Chakravarti et al. (25) also reported that skin papillomas initiated with a derivative of DMBA with a partially saturated A-ring, THDMBA, possessed A-to-T transversion mutations in codon 61 of H-ras. The fact that this compound possesses tumor-initiating activity and, presumably, cannot be metabolically activated to bay-region diol epoxides was used as evidence to support one-electron oxidation at the 12-methyl group as the major metabolic pathway for DMBA. However, earlier work from one of our laboratories (40) showed that THDMBA was approximately 10–20-fold less potent than the parent hydrocarbon as a tumor initiator in the skin of SENCAR mice. These earlier data were interpreted to indicate that the metabolism in the A-ring of DMBA was essential for >90% of its tumor-initiating activity on mouse skin. These earlier data are consistent with the data in the current paper, showing that both the syn- and anti-DMBADEs possess tumor-initiating activity, and that the major dAdo adducts formed from both the syn- and anti-DMBADEs are present at levels consistent with their role in producing the majority of the tumor-initiating activity associated with DMBA in mouse skin. It remains intriguing as to what metabolic pathway(s) contribute to the metabolic activation of THDMBA and ultimately account for its much weaker tumor-initiating activity. Chakravarti et al. (25) have suggested that THDMBA is metabolically activated at the 12-methyl group via one-electron oxidation, thereby leading to the formation of unstable N7-dAdo adducts. Nair et al. (40) analyzed the tumor-initiating activity of five site-specifically fluorinated derivatives of THDMBA, an A-ring cyclopentano analogue of THDMBA, and a 6-fluoro-12-exo tautomer of 6F-THDMBA to address potential sites of metabolic activation of THDMBA. The results from these analyses, in conjunction with metabolism experiments (41) , suggested the possibility that hydroxylation at either C-1 or C-12 of THDMBA may be important for the biological activity of this PAH on mouse skin. Nevertheless, it is clear from the data in our current study that these pathways for the metabolic activation of THDMBA would account for only a small proportion of the biological activity of DMBA, if indeed they pertain to DMBA.

In comparison with DMBA, both the syn- and anti-DMBADE exhibited weaker tumor-initiating activity; the average number of papillomas/mouse was 5–9-fold lower than in mice initiated with DMBA (10 nmol; Figs. 1Citation and 2Citation ). We have shown in Table 1Citation that this can be explained by the levels of specific dAdo adducts produced from the syn- and anti-DMBADEs formed metabolically after topical application of DMBA. The reason why the diol epoxides are not more biologically active and do not produce higher DNA adduct levels may be related to their chemical reactivity.
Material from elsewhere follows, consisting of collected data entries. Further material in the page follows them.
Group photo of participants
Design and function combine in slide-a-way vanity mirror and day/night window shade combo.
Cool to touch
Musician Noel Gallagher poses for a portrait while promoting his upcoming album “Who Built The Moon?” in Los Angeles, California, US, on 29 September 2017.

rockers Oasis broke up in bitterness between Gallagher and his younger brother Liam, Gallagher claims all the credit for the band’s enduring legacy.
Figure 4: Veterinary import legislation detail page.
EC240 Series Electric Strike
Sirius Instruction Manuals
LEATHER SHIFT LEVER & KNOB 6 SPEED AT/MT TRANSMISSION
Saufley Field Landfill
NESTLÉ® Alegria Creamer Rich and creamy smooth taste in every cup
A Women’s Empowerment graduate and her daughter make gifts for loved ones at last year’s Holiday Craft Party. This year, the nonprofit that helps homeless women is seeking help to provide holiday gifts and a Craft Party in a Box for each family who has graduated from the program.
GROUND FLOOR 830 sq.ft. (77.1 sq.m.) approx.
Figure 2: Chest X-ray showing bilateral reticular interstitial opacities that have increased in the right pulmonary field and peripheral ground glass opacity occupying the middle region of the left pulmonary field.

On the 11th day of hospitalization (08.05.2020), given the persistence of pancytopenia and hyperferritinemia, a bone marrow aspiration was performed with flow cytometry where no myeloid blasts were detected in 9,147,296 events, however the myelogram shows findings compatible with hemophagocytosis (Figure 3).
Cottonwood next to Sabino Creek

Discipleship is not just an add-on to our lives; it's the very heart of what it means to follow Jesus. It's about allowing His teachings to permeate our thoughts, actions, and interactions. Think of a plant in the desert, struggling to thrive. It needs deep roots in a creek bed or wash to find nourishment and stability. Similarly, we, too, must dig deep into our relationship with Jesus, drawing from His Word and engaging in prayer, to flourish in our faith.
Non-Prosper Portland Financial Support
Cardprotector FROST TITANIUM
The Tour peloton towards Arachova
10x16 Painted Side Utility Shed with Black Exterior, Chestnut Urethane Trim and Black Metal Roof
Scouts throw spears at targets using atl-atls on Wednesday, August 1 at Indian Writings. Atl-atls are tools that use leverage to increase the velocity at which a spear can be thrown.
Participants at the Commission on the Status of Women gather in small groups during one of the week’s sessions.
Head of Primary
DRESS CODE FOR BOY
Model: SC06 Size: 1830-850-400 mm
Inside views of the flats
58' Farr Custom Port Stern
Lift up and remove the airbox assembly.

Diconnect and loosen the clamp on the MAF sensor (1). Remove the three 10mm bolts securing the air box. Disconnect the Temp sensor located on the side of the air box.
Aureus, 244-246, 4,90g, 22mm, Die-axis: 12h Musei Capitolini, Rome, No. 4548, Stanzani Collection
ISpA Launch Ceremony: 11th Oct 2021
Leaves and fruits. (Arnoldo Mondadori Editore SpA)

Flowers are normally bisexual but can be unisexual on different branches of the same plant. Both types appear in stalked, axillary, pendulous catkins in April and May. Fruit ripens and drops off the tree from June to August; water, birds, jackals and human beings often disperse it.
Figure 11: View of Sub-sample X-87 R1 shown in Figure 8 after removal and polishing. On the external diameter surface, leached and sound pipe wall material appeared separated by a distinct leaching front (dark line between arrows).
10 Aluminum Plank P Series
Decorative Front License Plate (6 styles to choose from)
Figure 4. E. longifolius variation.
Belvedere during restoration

In this regard, because syn- and anti-DMBADE are highly reactive toward nucleophiles, a portion of the administered dose is very likely lost to chemical reactions, including hydrolysis, ultimately reducing the probability of interaction with genomic DNA. Furthermore, the reactive diol epoxides must pass through the stratum corneum and the granular and spinous layers of the epidermis before reaching the basal layer where epidermal target cells for initiation are believed to reside (42) . Thus, more DNA adducts may form in these layers than in the target cells in the basal layer. In contrast, DMBA must first be absorbed by cells before it gets metabolically activated, thereby increasing the probability that the diol epoxides formed may enter the nucleus and interact with genomic DNA of epidermal target cells in the basal layer. These factors may contribute to the weaker tumor-initiating activity of syn- and anti-DMBADE.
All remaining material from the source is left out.